– Не помешала ли я вам? – начала она робко, чуть слышно, и начала вставать. Но как только я увидал эту первую вспышку оскорбленного достоинства, я так и задрожал от злости и тотчас же прорвался.
Вот наш герой во всем своем блеске. Он боится Лизы в качестве романтической героини с претензиями, но пресловутая вспышка «оскорбленного достоинства» в ней производит на него еще худшее впечатление. Оскорбленное достоинство – это что еще за качество? Он-то сам, нелепый подражатель Дон Кихоту, безвольный романтик, умел ли хоть раз в жизни испытать такое чувство? Оскорбленное достоинство – это черта откуда-то оттуда, из реальной жизни, из системы Воля к Власти, несомненно! Но ведь теперь это он должен изображать из себя человека системы Воли к Власти! Поэтому после реплики Лизы он «прорывается». Находясь в состоянии крайнего возбуждения, припертый к стенке реальности и переносящий пункт приложения своего романтического воображения в реальную жизнь, он именно в этот момент натягивает на себя маску «злодея-от-жизни», человека, живущего по ценностям системы Воля к Власти:
– Я тебе скажу, матушка, зачем ты пришла. Ты пришла потому, что я тебе тогда жалкие слова говорил. Ну вот ты и разнежилась и опять тебе «жалких слов» захотелось. Так знай же, знай, что я тогда смеялся над тобой… Меня перед тем оскорбили за обедом вот те, которые тогда передо мной приехали… надо же было обиду на ком-нибудь выместить, свое взять, ты подвернулась, я над тобой и вылил зло и насмеялся. Меня унизили, так и я захотел унизить; меня в тряпку растерли, так и я власть захотел показать…

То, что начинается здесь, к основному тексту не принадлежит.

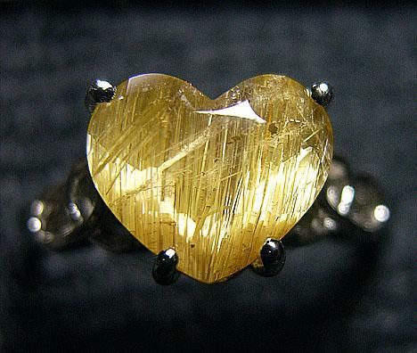 タイチンルチルが並列にインクルージョンしている為、キャッツが出る、とても可愛いリングです。上記画像からは少し分かり難いでしょうが、石の表面周りには、カットをが施されていますので、角度によってキラキラと輝きます。

Красиво он говорит, не правда ли? Реалистически и психологически убедительно, не так ли? Удивительно откровенно саморазоблачается, выговаривает о себе такого рода правду, которую другие люди даже самим себе постеснялись бы сказать, не так ли? А
Но в данный же момент его задача ценой любых «саморазоблачений» (то есть самоочернений) убедить Лизу, что он волевой злодей. Он лжет, по сути дела красуясь собой:
…я знал… что она отлично хорошо поймет сущность. Так и случилось. Она побледнела, как платок, хотела что-то проговорить, губы ее болезненно искривились; но как будто ее топором подсекли, упала на стул. И все время потом она слушала меня, раскрыв рот, открыв глаза и дрожа от ужасного страха. Цинизм, цинизм моих слов придавил ее…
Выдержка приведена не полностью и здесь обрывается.